--- What the exercise asks ---
Leaving out pictures, output exactly the lines below from the one that has "1. 【一败涂地】 - 一旦失败就肝脑涂地。形容失败到了不可收拾的地步。" through the one that has "Labitazione è composta", and nothing else.

--- Data records ---
※ ※ ※

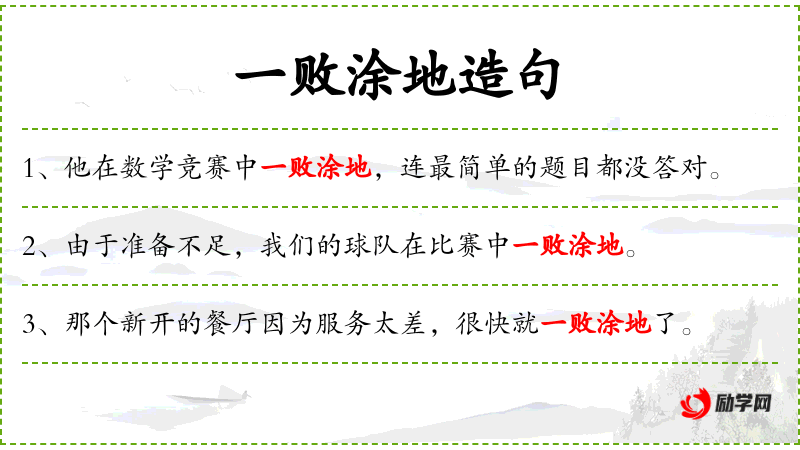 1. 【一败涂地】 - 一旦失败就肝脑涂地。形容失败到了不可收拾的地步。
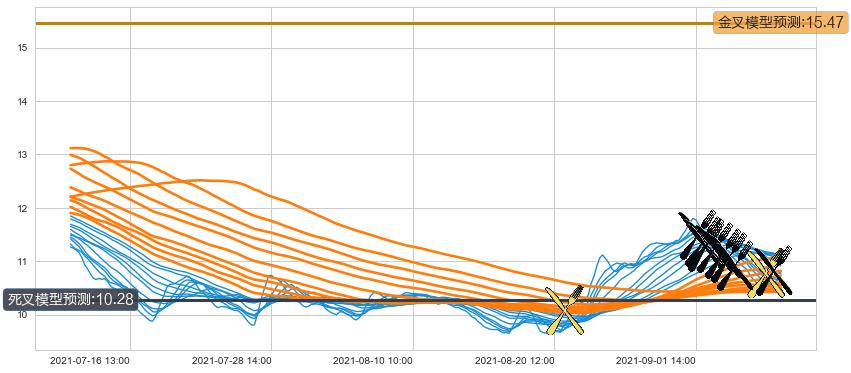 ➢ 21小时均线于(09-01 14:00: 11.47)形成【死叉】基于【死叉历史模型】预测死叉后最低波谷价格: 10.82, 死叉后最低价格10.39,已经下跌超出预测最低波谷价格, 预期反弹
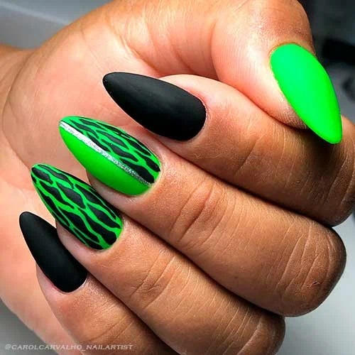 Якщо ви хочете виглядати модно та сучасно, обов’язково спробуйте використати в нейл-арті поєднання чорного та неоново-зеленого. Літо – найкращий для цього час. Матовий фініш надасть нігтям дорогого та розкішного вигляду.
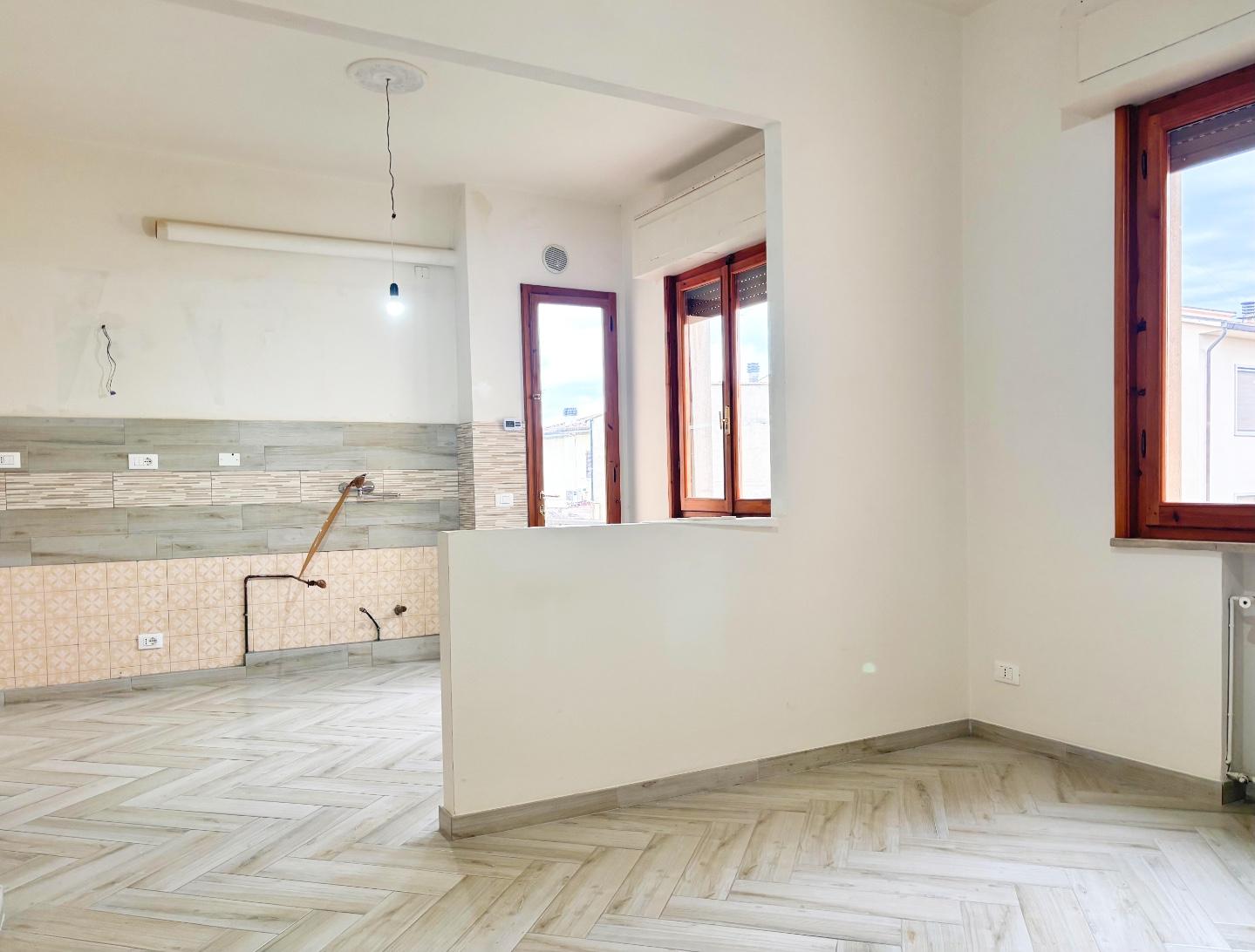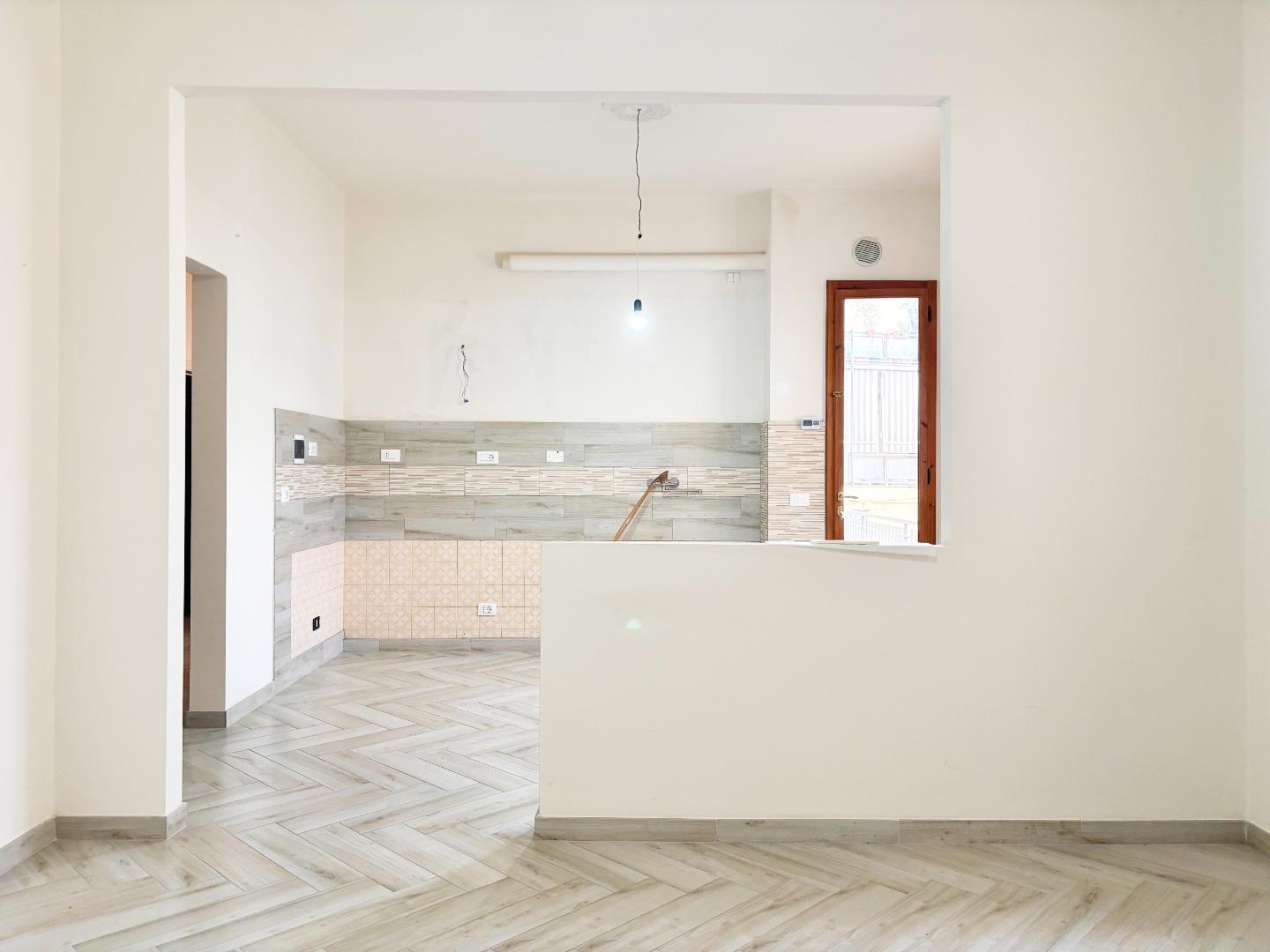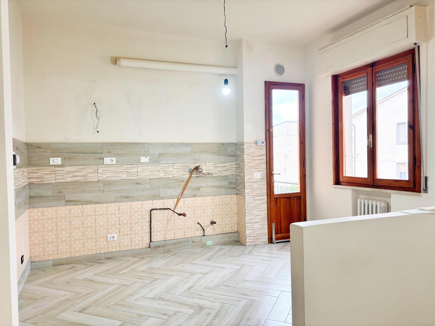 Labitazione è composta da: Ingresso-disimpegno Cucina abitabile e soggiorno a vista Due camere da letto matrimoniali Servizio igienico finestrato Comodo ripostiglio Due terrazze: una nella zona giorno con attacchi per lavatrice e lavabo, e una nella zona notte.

※ ※ ※

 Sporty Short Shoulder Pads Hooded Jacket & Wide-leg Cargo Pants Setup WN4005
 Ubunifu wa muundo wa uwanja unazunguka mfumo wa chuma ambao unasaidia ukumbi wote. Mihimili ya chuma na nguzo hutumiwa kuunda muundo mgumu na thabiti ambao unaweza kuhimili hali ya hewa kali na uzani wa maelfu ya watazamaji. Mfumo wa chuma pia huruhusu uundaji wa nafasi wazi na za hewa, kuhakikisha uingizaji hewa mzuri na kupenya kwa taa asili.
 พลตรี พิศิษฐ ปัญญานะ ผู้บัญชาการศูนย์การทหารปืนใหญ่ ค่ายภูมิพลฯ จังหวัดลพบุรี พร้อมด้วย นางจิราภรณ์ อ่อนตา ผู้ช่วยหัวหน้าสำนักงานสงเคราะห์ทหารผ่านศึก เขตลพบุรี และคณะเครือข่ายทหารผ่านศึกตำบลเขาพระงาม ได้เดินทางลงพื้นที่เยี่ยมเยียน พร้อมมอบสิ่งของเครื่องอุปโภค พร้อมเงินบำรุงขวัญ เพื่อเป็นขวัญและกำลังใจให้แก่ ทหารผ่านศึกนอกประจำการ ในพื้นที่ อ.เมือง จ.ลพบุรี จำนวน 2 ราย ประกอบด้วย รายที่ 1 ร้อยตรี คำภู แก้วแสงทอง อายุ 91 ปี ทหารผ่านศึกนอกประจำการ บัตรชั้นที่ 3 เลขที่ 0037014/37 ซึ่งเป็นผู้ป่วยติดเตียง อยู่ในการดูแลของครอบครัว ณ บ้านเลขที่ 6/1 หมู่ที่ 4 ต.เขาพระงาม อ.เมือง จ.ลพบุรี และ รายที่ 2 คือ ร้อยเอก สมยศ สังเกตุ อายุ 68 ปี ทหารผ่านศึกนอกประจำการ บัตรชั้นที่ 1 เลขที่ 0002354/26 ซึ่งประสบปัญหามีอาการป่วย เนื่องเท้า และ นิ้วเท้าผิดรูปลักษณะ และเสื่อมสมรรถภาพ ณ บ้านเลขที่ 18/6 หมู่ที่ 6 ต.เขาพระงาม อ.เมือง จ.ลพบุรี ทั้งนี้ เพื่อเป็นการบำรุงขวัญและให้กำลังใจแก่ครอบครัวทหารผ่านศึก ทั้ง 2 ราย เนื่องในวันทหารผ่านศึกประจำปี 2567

※ ※ ※

--- Written solution ---
 1. 【一败涂地】 - 一旦失败就肝脑涂地。形容失败到了不可收拾的地步。
 ➢ 21小时均线于(09-01 14:00: 11.47)形成【死叉】基于【死叉历史模型】预测死叉后最低波谷价格: 10.82, 死叉后最低价格10.39,已经下跌超出预测最低波谷价格, 预期反弹
 Якщо ви хочете виглядати модно та сучасно, обов’язково спробуйте використати в нейл-арті поєднання чорного та неоново-зеленого. Літо – найкращий для цього час. Матовий фініш надасть нігтям дорогого та розкішного вигляду.
 Labitazione è composta da: Ingresso-disimpegno Cucina abitabile e soggiorno a vista Due camere da letto matrimoniali Servizio igienico finestrato Comodo ripostiglio Due terrazze: una nella zona giorno con attacchi per lavatrice e lavabo, e una nella zona notte.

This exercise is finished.